= Mary Ann Aldersey =

First female missionary in China

Mary Ann Aldersey (艾迪綏 (艾迪绥), 24 June 1797 - September 30 1868) was the first Christian missionary woman (married or single) to serve in China proper (excluding Macau & Hong Kong, where Henrietta Shuck had been working earlier). She founded a school for girls in Ningbo, Zhejiang. Her pioneering the field of mission work for single women in China was the most remarkable outcome of her life.

==Early life==

Mary Ann Aldersey was born on June 24, 1797, in Hackney London, England. She was the youngest of four children of Joseph and Elizabeth Aldersey; they belonged to a Church of England congregation led by the Rev. John Eyre (one of the founders of the London Missionary Society), but they later joined a Congregational Church under Rev. John Pye-Smith (a fervent abolitionist).

Aldersey was a native of London from a wealthy nonconformist family. Her father, Joseph, was considered a social leader amongst the small episcopal congregation of Dr. Pye Smith. Aldersey joined the congregation as a member at the age of twenty-one and worked as the financial secretary of the Ladies’ Bible Association. When her mother, Elizabeth, died in 1822, she was required to fulfill twice her usual domestic duties.

==Language training==

In 1824, Robert Morrison moved to East London and taught English women who were interested in missionary work (usually as partners to their husbands) to speak and read Chinese.

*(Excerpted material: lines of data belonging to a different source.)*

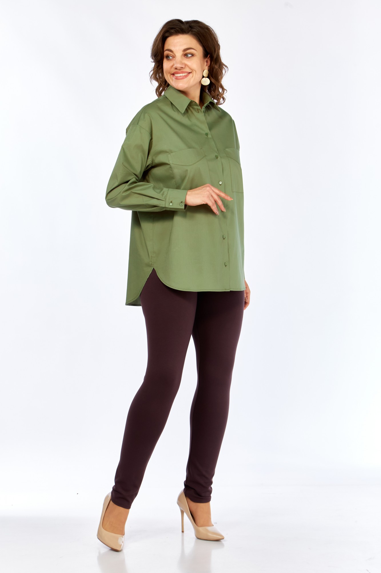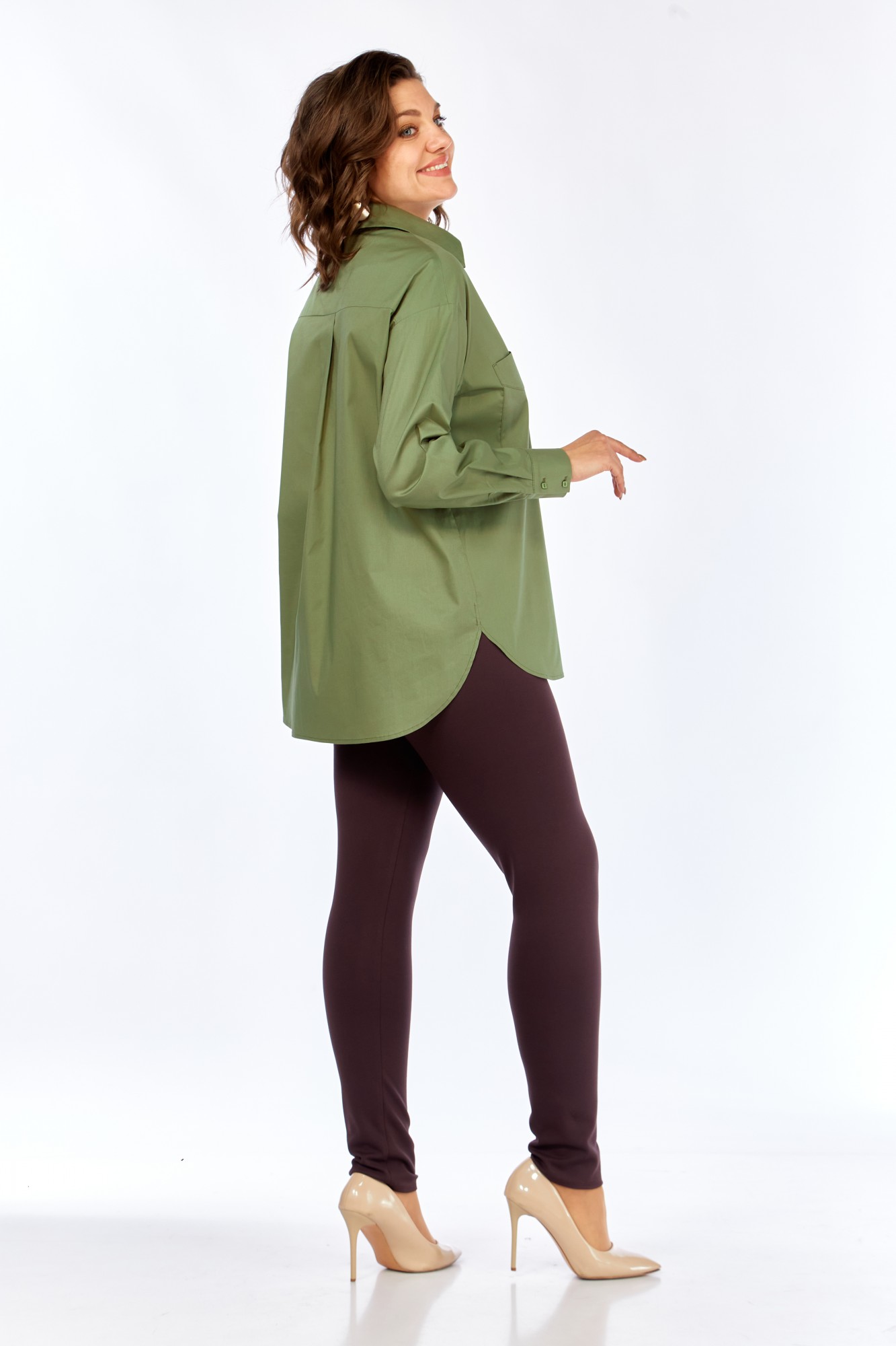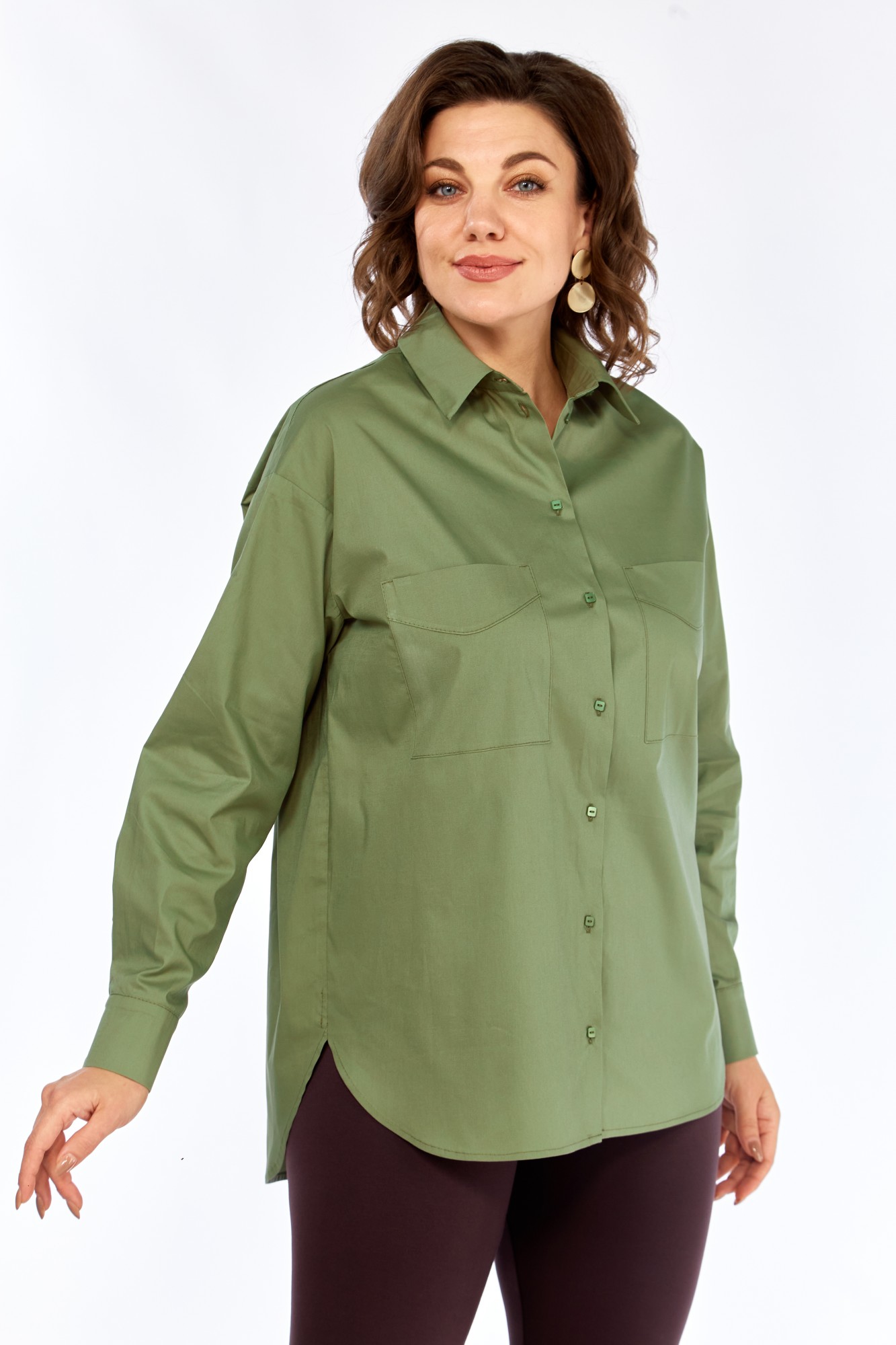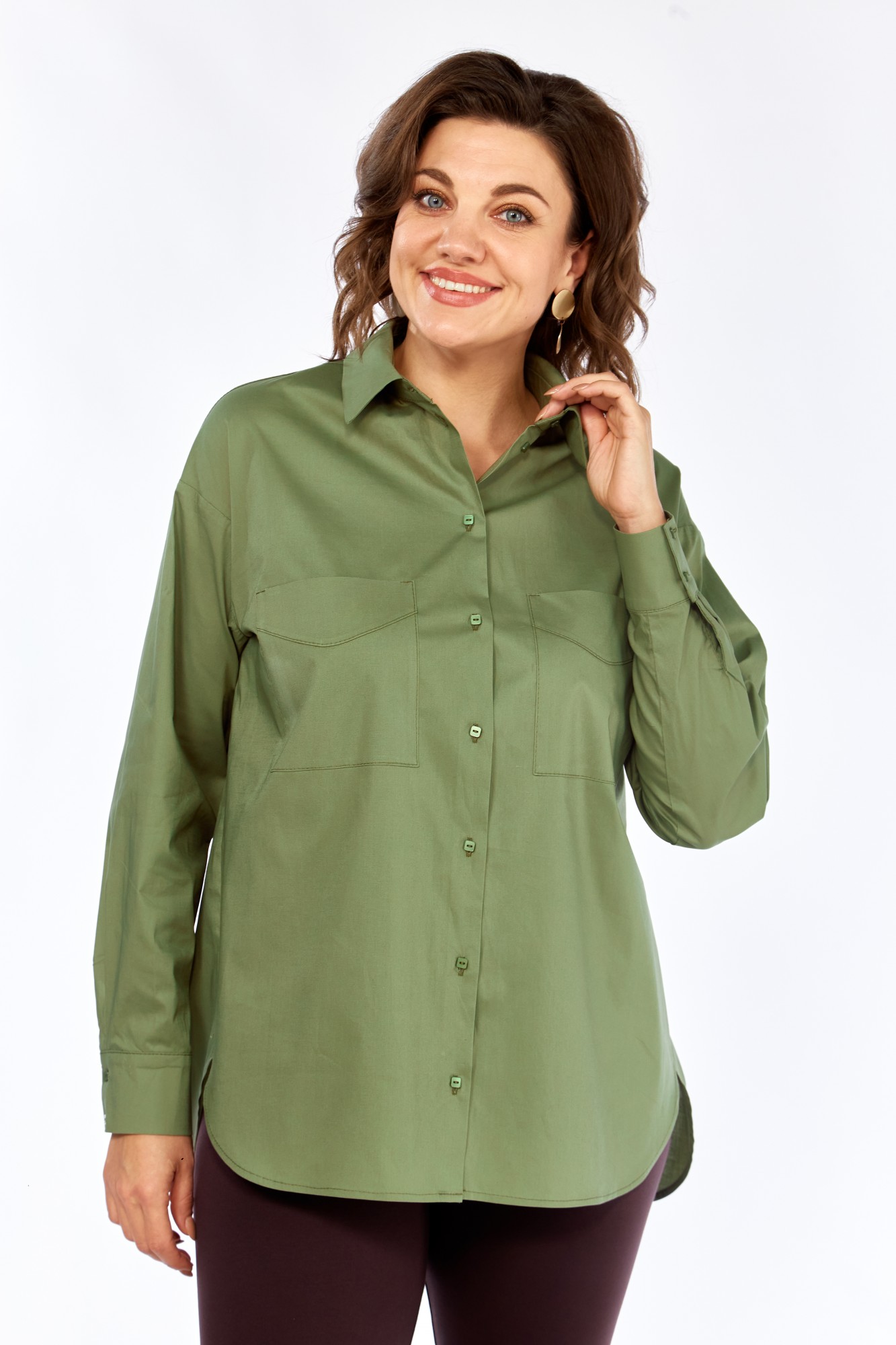 Рубашка свободного силуэта. Рукав рубашечный с разрезом и складками, заканчивается манжетой, которая застегивается на 2 петли и пуговицы. Плечо спущенное. На спинке двойная кокетка, от кокетки по центру спинки идет встречная складка. Ткань поплин, тянется по ширине.
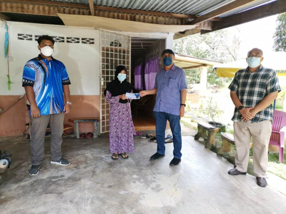 Sumbangan disampaikan oleh Pengerusi Jawatankuasa Pertanian, Industri Asas Tani dan Bioteknologi Negeri Pahang yang juga Ahli Dewan Negeri Benta, YB. Dato’ Sri Ir Haji Mohd Soffi Tan Sri Abd Razak ketika mengunjungi ke kediaman semua penerima.
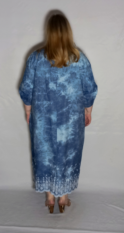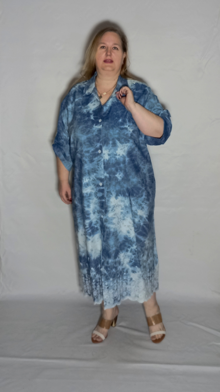 Шикарное   платье из  облегченной, рубашечной джинсы с эффектом "варенки"  и вышивкой по низу платья и рукавов.
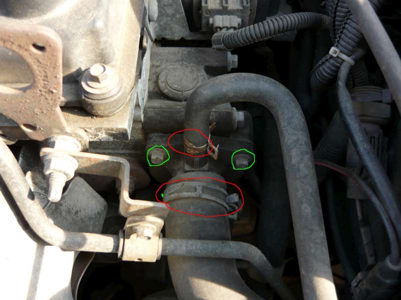 ZULU_CZE: K té výměně termostatu, já si ho na své 1.8i měnil a není to nic složitého. Přidám ti sem foto, abys viděl co demontovat. Nejdřív si odpoj obě hadice (červeně poznačeny) a pak povol 3 šrouby (zeleně poznačeny). Ten třetí šroubek je pod tou silnější hadicí, takže na fotce nejde vidět. Sundáš kryt domečku a uvidíš samotný termostat.
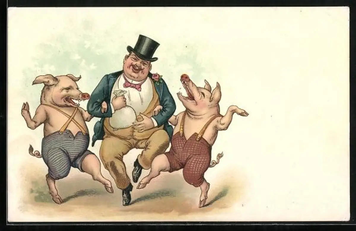 AK Schweine tanzen ausgelassen mit dem reichen Mann, der einen Geldsack in der Hand hält, vermenschlichte Tiere

Aldersey studied Chinese under Morrison during his two years in London. Also in attendance were Samuel Dyer and his wife Maria Tarn. The friendship that she forged with Maria eventually led to her inviting their orphaned teenage daughters to work with her in China.

In London, Aldersey was still attached to family ties, but she made gifts to the London Missionary Society that enabled Maria Newell to go to Malacca (1827), where Newell met and married pioneer missionary Karl Gützlaff; she also financially supported Martha Wallace’s missionary work in Malacca with the British and Foreign School Society.

==Missionary career==

In 1837, she herself was able to go to Asia with Rev. Walter Medhurst who was based in Jakarta. She was never an agent of any missionary society, but she did maintain close links with the London Missionary Society.

She travelled to Surabaya where she started a school. She then left Surabaya with Mary Ann Leisk and two local teenagers, Christiana Kit and Ruth Ati, and moved to Hong Kong; when the treaty ports in China were opened (1843), the four of them moved to Ningbo, where she opened a school for girls.

==Matchmaking==

Several of her teaching staff were Chinese-speaking daughters of missionaries. At least four became missionary wives, including Maria and Samuel Dyer’s daughters, Burella Hunter Dyer, who married John Shaw Burdon (later Bishop of Victoria), and her sister Maria Jane Dyer, who married James Hudson Taylor in 1857 (against Aldersey's wishes); Christiana Kit and Ruth Ati married local converts to Christianity.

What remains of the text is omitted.